EXERCISE BRIEF:
From the data below, repeat exactly the lines from the line with "விக்ரம் பிரபு நடிப்பில், அறிமுக" to the line with "ヒーロー風カッコイイあだ名 | 『スーパーハガユウスケ』『幻影騎士ハガ』 |", both included.

RECORD EXCERPTS:
-=-=-=-=-

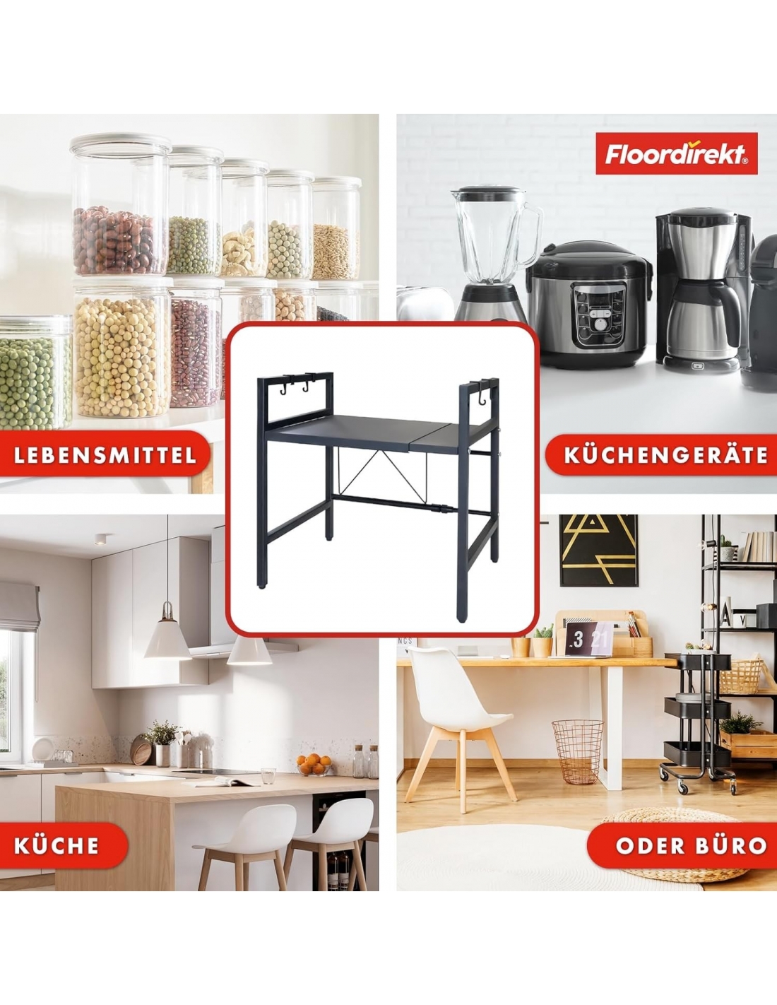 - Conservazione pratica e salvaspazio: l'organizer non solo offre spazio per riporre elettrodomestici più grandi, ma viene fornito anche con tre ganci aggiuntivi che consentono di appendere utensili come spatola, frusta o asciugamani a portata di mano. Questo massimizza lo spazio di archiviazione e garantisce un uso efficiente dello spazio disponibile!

-=-=-=-=-

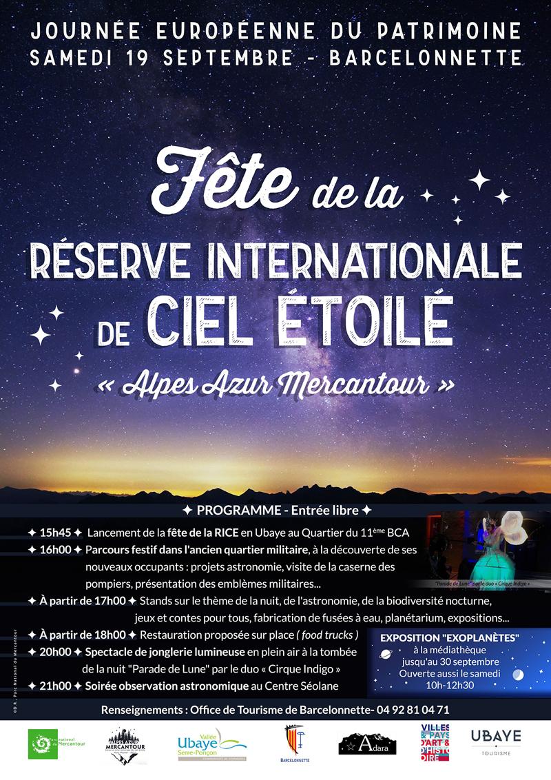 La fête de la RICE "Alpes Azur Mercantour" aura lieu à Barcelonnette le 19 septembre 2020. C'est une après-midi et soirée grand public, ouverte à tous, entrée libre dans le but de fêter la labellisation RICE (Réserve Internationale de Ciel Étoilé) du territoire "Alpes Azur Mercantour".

-=-=-=-=-

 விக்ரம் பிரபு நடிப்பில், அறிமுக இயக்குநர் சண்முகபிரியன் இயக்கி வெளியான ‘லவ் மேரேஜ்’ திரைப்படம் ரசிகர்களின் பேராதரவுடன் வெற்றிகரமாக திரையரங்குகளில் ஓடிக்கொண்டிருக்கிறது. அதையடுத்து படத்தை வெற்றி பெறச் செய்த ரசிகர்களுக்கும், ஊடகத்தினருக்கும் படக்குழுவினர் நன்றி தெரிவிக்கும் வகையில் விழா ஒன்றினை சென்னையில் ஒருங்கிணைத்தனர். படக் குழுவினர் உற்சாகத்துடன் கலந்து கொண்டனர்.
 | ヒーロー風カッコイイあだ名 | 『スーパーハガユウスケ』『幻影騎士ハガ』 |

-=-=-=-=-

EXERCISE SOLUTION:
 விக்ரம் பிரபு நடிப்பில், அறிமுக இயக்குநர் சண்முகபிரியன் இயக்கி வெளியான ‘லவ் மேரேஜ்’ திரைப்படம் ரசிகர்களின் பேராதரவுடன் வெற்றிகரமாக திரையரங்குகளில் ஓடிக்கொண்டிருக்கிறது. அதையடுத்து படத்தை வெற்றி பெறச் செய்த ரசிகர்களுக்கும், ஊடகத்தினருக்கும் படக்குழுவினர் நன்றி தெரிவிக்கும் வகையில் விழா ஒன்றினை சென்னையில் ஒருங்கிணைத்தனர். படக் குழுவினர் உற்சாகத்துடன் கலந்து கொண்டனர்.
 | ヒーロー風カッコイイあだ名 | 『スーパーハガユウスケ』『幻影騎士ハガ』 |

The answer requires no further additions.